== Segment start ==

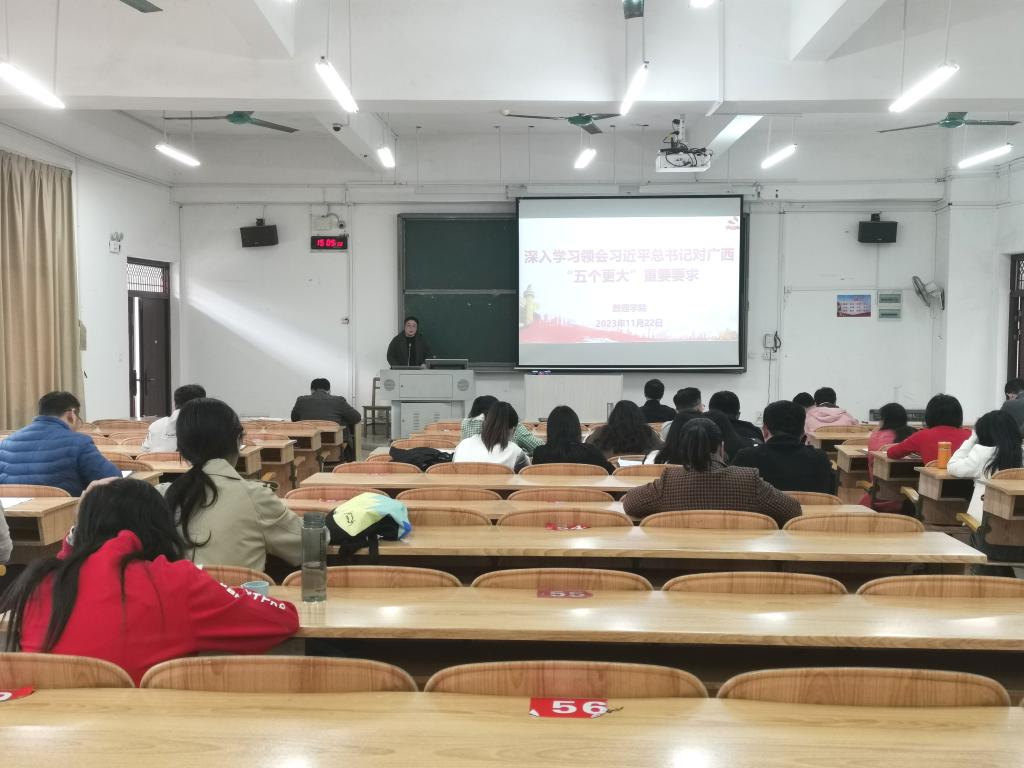 11月22日,williamhill在弘毅楼2-104教室召开学习贯彻习近平总书记对广西“五个更大”重要要求学习会,学习会由公司党委书记罗美金主持,公司全体教职工参加学习会。
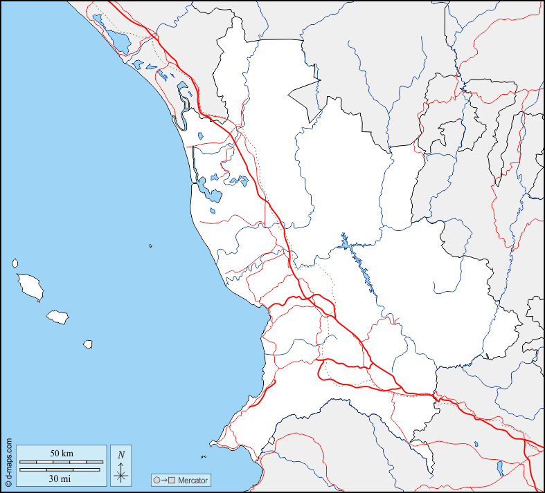 d-maps > महाअमेरिका > मेक्सिको > नायरिट > सीमाओं, जल-सर्वेक्षण, सड़कों
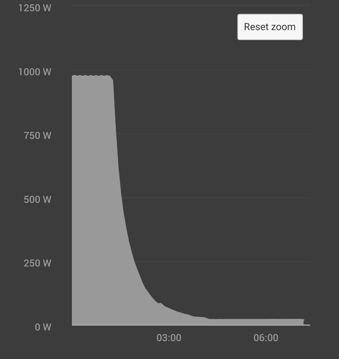 Die Ladekurve sieht am Ende so aus: (MQI GT, 2 Akkus gleichzeitig)
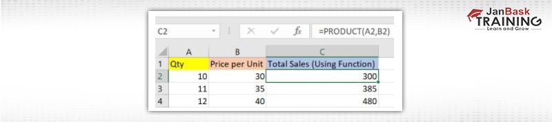 This example below shows how we used the - ‘PRODUCT' feature to multiply. As you can see, we didn’t use the mathematical operator here.
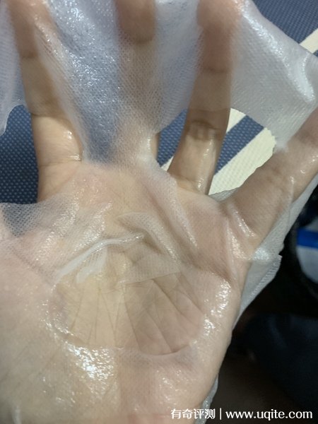 紀束面膜的膜布是很輕薄的類型,上臉服帖,大小剪裁什么的也挺合適,使用感好,不悶。里面精華含量還挺多,拿出膜布之后里面還會有點剩的(它這個膜布本身挺能掛得住精華的),可以抹在其他地方,精華不算粘稠,吸收還不錯,使用過程中能清楚感受到膜布慢慢在變干。
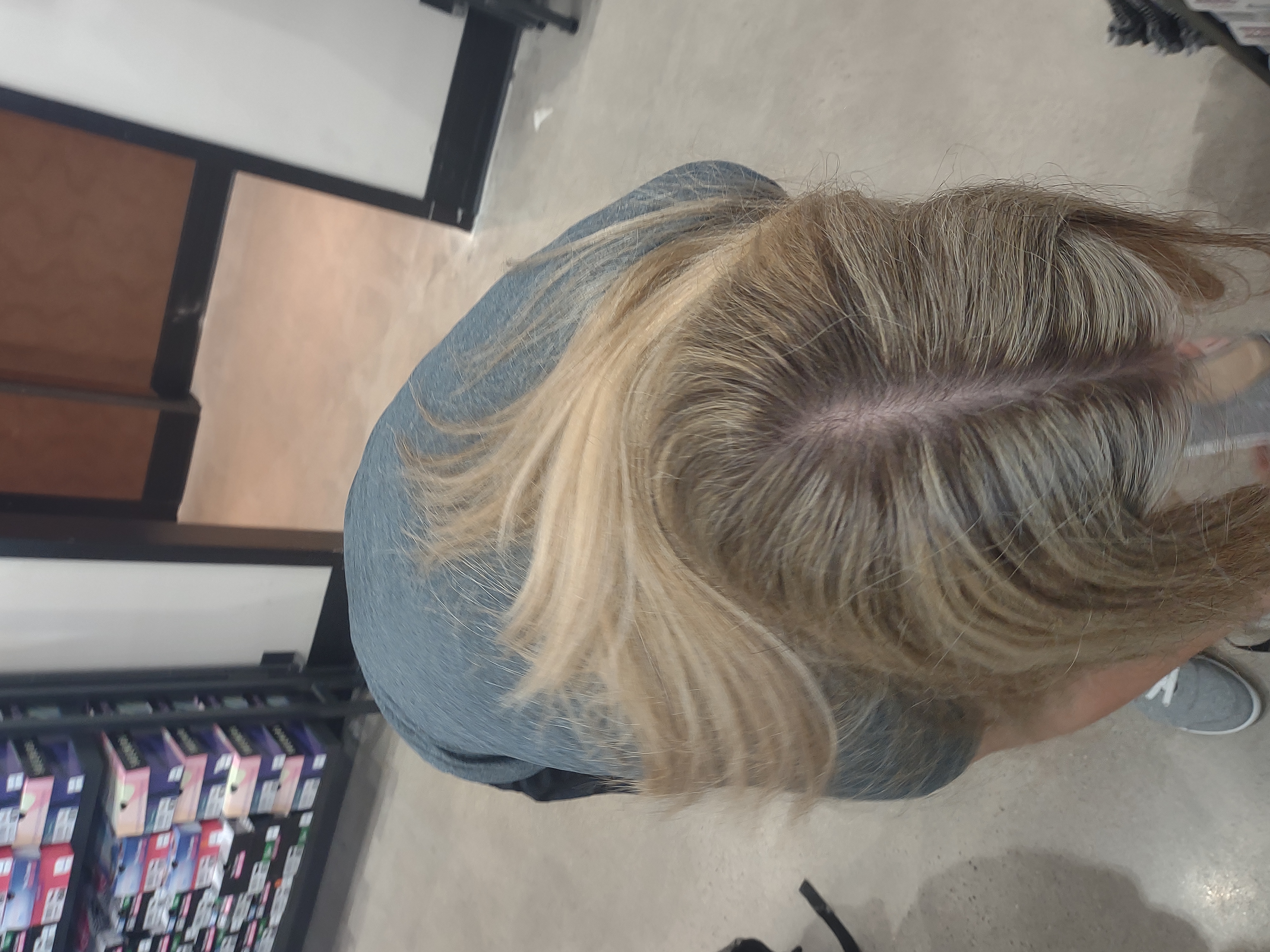 Подскажите знающие, что моей дочери накрасили. Ходила сама, объясняла сама. Вроде просила хайлайты. Та фотография где она обувь меряет (кликнуть надо на фото чтоб оно повернулось), я не могу понять почему корни не покрашены (фото сделано на второй день после покраски). Это так надо или мастер был криворукий? Как уже говорила, я в покрасках ничего не понимаю
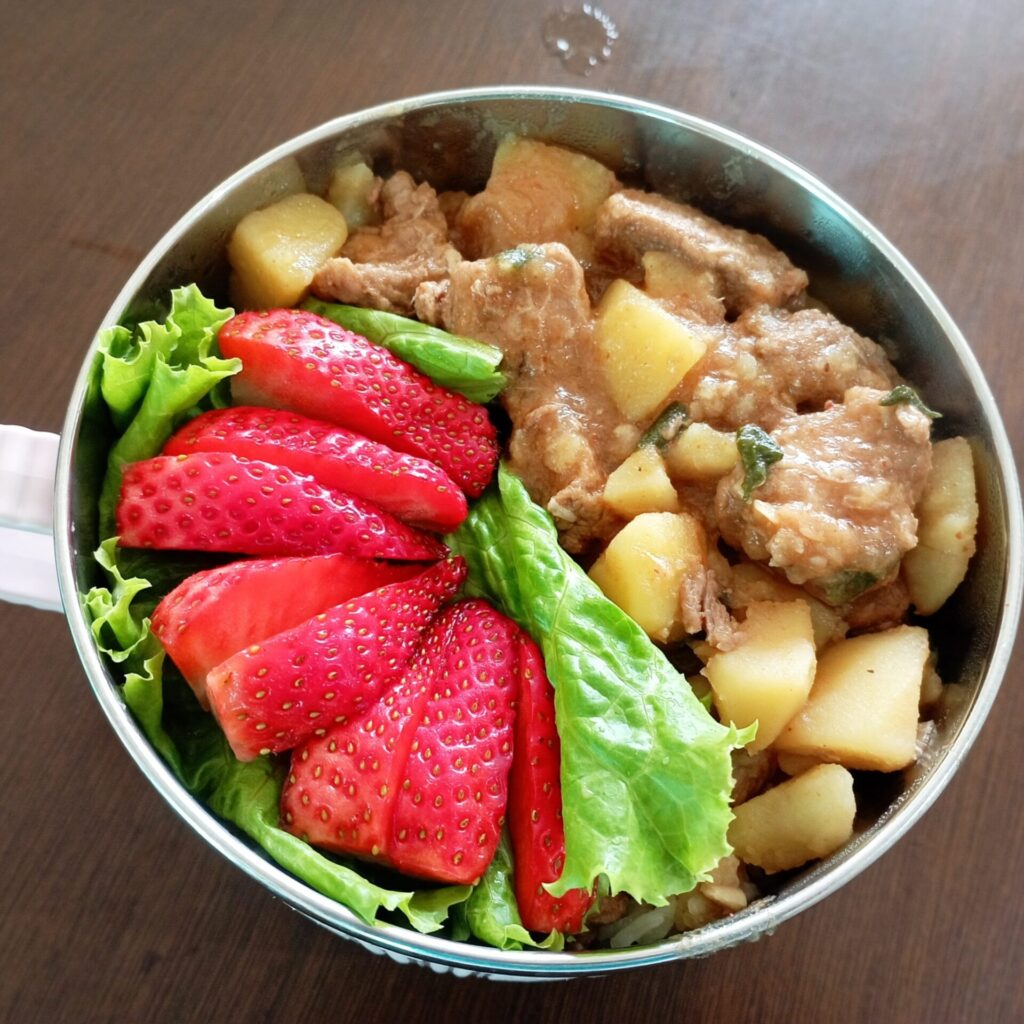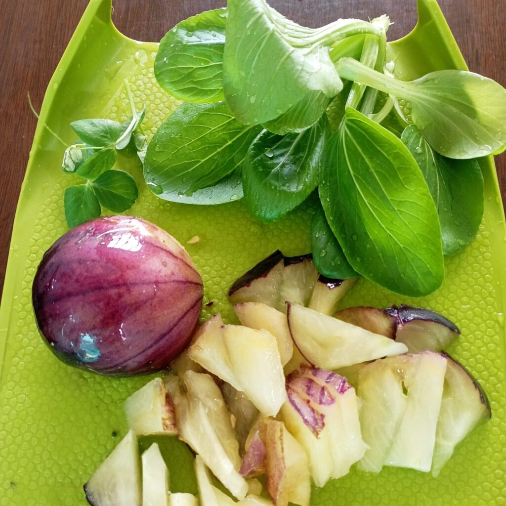 長年、アジア学院のキッチンで学生の胃袋を満たしてきた彼女は、栄養と健康に深く関心を持ち、近年、ナガランドでも、がんや糖尿病患者が急増していることを憂いている(世界の食のトレンドが急激に変化する中、ナガランドも例外ではない。農村部でも都市部でも、若い世代の間では、州外からのファストフードが流行している)。そこで、都会の地域でも、家計と家族、近隣の人々の健康を支えることを目的として、日本食を参考にしたヘルシーなお弁当作りを広めることを思いついた。若い人が魅力を感じることをしなくてはならないと話す彼女は、250-300円ほどで、毎日、近所の3人にお弁当を作っているという。お米は村から、キャベツやナス、トマト、イチゴは彼女のベランダや屋上の小さなプランターで育ったものだ。ウサギ2匹に加えて、つい最近、卵のために雌鶏も3匹飼い始めた。「本当に少しの食材があれば良いんです。」

== Segment end ==

> **Problem to work on**
Set the entries down exactly, but not the pictures.

> **Problem solution**
 11月22日,williamhill在弘毅楼2-104教室召开学习贯彻习近平总书记对广西“五个更大”重要要求学习会,学习会由公司党委书记罗美金主持,公司全体教职工参加学习会。
 d-maps > महाअमेरिका > मेक्सिको > नायरिट > सीमाओं, जल-सर्वेक्षण, सड़कों
 Die Ladekurve sieht am Ende so aus: (MQI GT, 2 Akkus gleichzeitig)
 This example below shows how we used the - ‘PRODUCT' feature to multiply. As you can see, we didn’t use the mathematical operator here.
 紀束面膜的膜布是很輕薄的類型,上臉服帖,大小剪裁什么的也挺合適,使用感好,不悶。里面精華含量還挺多,拿出膜布之后里面還會有點剩的(它這個膜布本身挺能掛得住精華的),可以抹在其他地方,精華不算粘稠,吸收還不錯,使用過程中能清楚感受到膜布慢慢在變干。
 Подскажите знающие, что моей дочери накрасили. Ходила сама, объясняла сама. Вроде просила хайлайты. Та фотография где она обувь меряет (кликнуть надо на фото чтоб оно повернулось), я не могу понять почему корни не покрашены (фото сделано на второй день после покраски). Это так надо или мастер был криворукий? Как уже говорила, я в покрасках ничего не понимаю
 長年、アジア学院のキッチンで学生の胃袋を満たしてきた彼女は、栄養と健康に深く関心を持ち、近年、ナガランドでも、がんや糖尿病患者が急増していることを憂いている(世界の食のトレンドが急激に変化する中、ナガランドも例外ではない。農村部でも都市部でも、若い世代の間では、州外からのファストフードが流行している)。そこで、都会の地域でも、家計と家族、近隣の人々の健康を支えることを目的として、日本食を参考にしたヘルシーなお弁当作りを広めることを思いついた。若い人が魅力を感じることをしなくてはならないと話す彼女は、250-300円ほどで、毎日、近所の3人にお弁当を作っているという。お米は村から、キャベツやナス、トマト、イチゴは彼女のベランダや屋上の小さなプランターで育ったものだ。ウサギ2匹に加えて、つい最近、卵のために雌鶏も3匹飼い始めた。「本当に少しの食材があれば良いんです。」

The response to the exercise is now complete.